MATERIAL PROVIDED →
· · ·
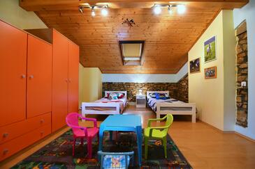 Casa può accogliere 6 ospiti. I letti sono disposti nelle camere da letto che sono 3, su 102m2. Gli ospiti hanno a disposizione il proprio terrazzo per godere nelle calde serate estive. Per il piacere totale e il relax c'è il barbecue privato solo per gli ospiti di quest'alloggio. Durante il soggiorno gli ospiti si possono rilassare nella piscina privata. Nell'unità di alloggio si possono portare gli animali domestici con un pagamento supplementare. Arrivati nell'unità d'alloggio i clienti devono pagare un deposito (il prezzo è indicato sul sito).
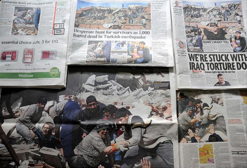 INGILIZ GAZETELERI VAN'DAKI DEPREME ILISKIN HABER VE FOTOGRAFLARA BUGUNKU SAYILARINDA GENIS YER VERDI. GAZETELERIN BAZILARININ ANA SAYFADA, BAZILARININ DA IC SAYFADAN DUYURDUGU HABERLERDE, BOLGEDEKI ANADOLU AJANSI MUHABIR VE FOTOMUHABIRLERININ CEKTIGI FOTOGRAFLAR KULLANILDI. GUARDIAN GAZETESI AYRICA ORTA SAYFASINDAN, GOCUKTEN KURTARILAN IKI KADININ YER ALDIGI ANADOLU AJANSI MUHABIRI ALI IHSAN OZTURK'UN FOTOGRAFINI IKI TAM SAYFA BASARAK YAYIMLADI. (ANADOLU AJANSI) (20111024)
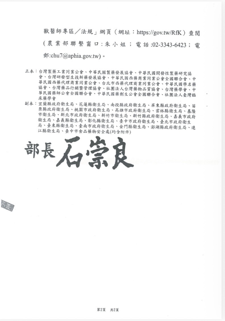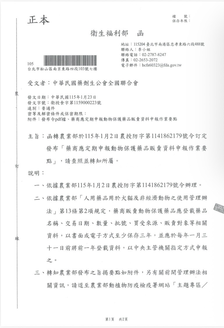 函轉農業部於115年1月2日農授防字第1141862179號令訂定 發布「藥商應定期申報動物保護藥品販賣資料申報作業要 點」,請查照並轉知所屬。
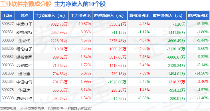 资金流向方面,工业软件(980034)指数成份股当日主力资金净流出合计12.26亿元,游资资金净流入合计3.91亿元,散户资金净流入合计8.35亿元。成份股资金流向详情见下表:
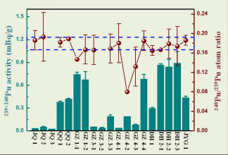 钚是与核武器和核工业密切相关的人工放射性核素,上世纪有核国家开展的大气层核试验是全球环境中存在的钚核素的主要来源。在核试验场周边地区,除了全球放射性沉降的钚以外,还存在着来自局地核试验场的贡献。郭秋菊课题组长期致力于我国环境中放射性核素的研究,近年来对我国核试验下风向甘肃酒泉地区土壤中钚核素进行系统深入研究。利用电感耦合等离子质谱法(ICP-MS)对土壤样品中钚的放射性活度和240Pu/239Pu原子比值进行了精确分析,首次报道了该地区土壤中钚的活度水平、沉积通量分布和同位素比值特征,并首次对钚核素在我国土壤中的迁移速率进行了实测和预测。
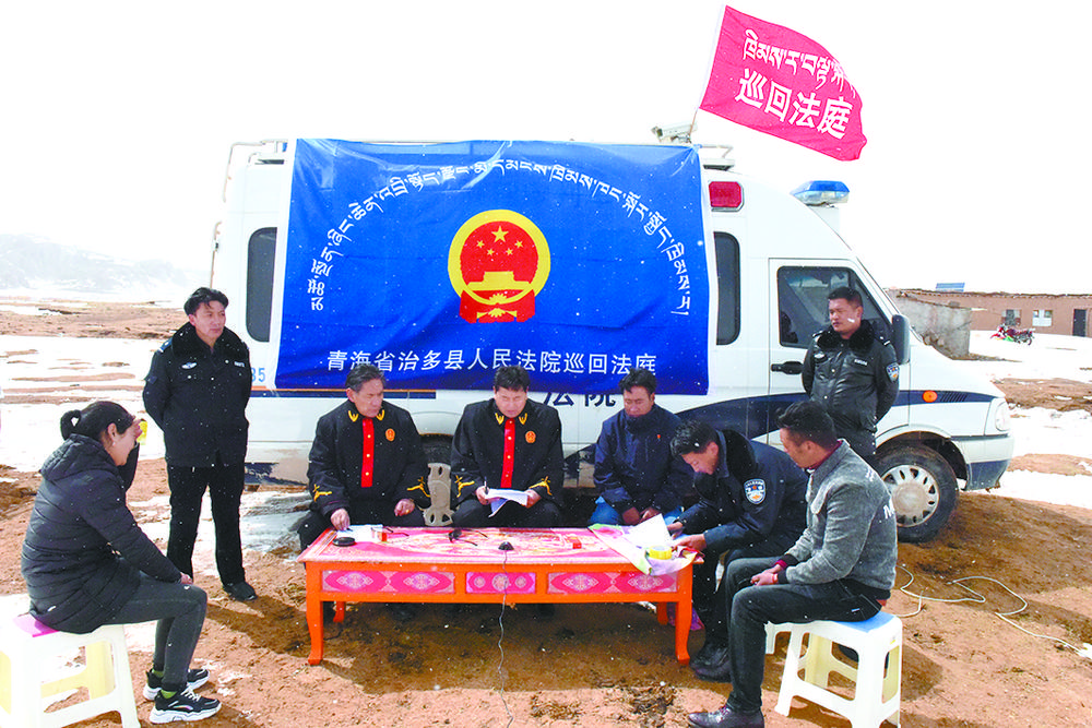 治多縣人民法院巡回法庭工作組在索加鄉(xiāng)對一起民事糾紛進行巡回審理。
· · ·
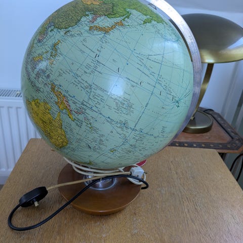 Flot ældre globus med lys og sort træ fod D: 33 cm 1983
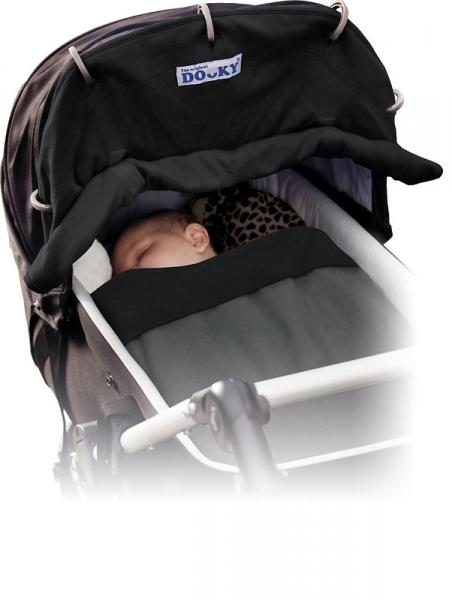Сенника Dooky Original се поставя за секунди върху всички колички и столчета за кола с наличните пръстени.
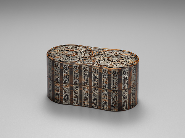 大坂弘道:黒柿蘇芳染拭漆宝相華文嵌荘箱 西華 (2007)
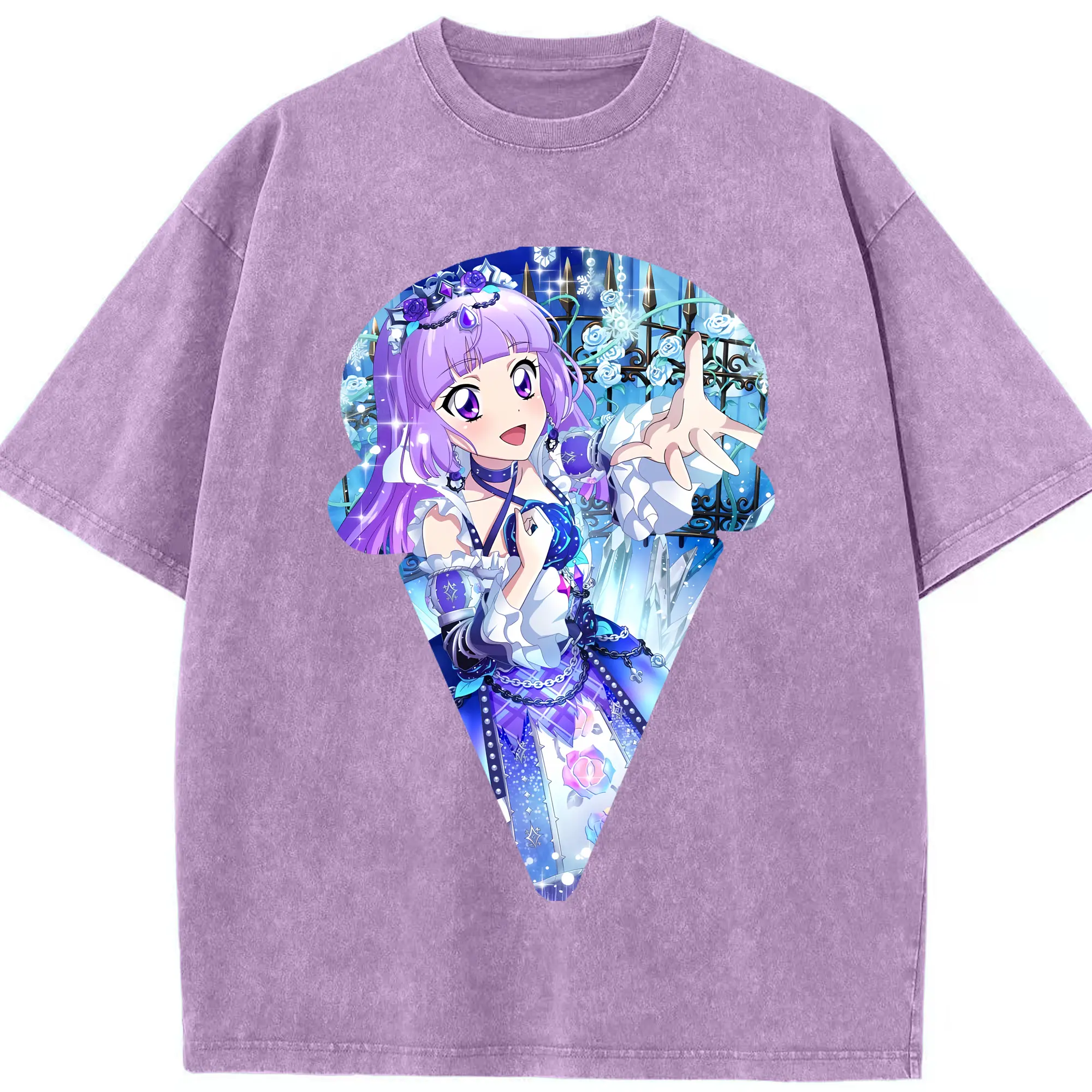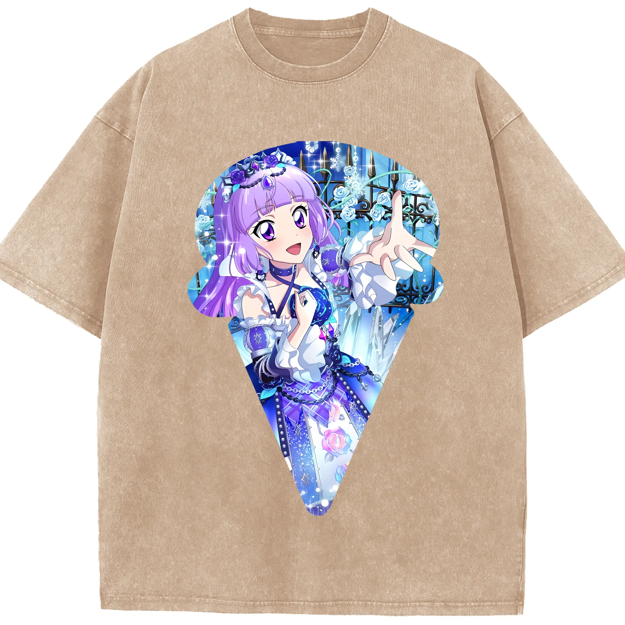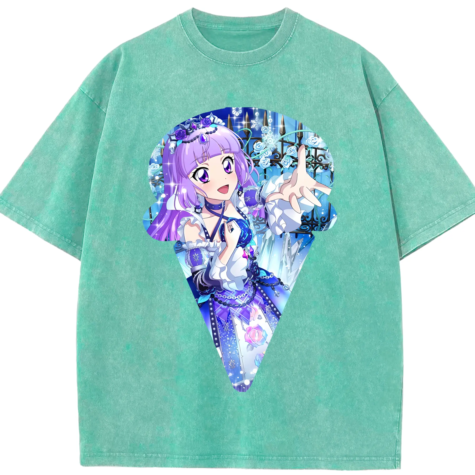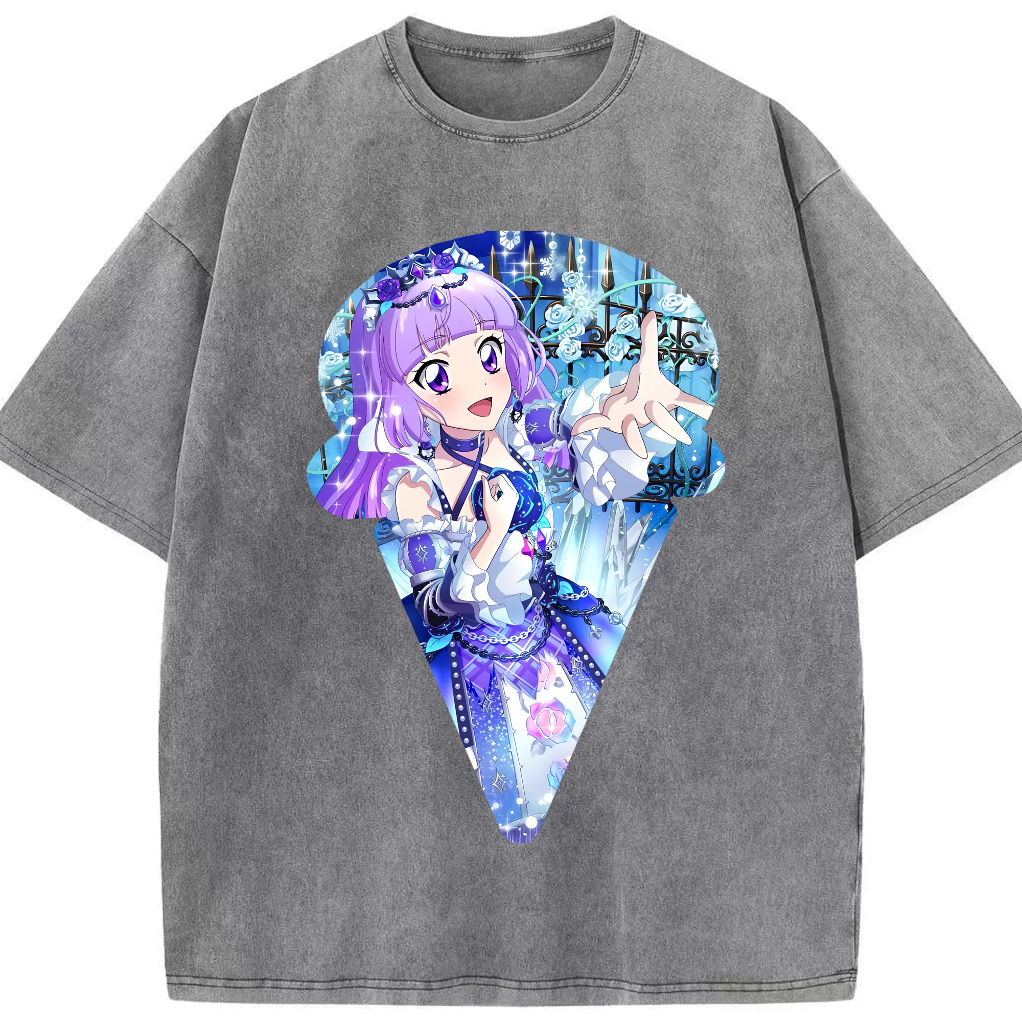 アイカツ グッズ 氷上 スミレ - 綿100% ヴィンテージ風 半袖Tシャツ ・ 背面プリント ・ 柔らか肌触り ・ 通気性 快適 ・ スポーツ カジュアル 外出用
· · ·
WORK INSTRUCTION →
In the records above, find the line containing "INGILIZ GAZETELERI VAN'DAKI" and the line containing "资金流向方面,工业软件(98", then give both of them again word for word along with every line between. Omit any pictures.

EXERCISE RESPONSE →
 INGILIZ GAZETELERI VAN'DAKI DEPREME ILISKIN HABER VE FOTOGRAFLARA BUGUNKU SAYILARINDA GENIS YER VERDI. GAZETELERIN BAZILARININ ANA SAYFADA, BAZILARININ DA IC SAYFADAN DUYURDUGU HABERLERDE, BOLGEDEKI ANADOLU AJANSI MUHABIR VE FOTOMUHABIRLERININ CEKTIGI FOTOGRAFLAR KULLANILDI. GUARDIAN GAZETESI AYRICA ORTA SAYFASINDAN, GOCUKTEN KURTARILAN IKI KADININ YER ALDIGI ANADOLU AJANSI MUHABIRI ALI IHSAN OZTURK'UN FOTOGRAFINI IKI TAM SAYFA BASARAK YAYIMLADI. (ANADOLU AJANSI) (20111024)
 函轉農業部於115年1月2日農授防字第1141862179號令訂定 發布「藥商應定期申報動物保護藥品販賣資料申報作業要 點」,請查照並轉知所屬。
 资金流向方面,工业软件(980034)指数成份股当日主力资金净流出合计12.26亿元,游资资金净流入合计3.91亿元,散户资金净流入合计8.35亿元。成份股资金流向详情见下表:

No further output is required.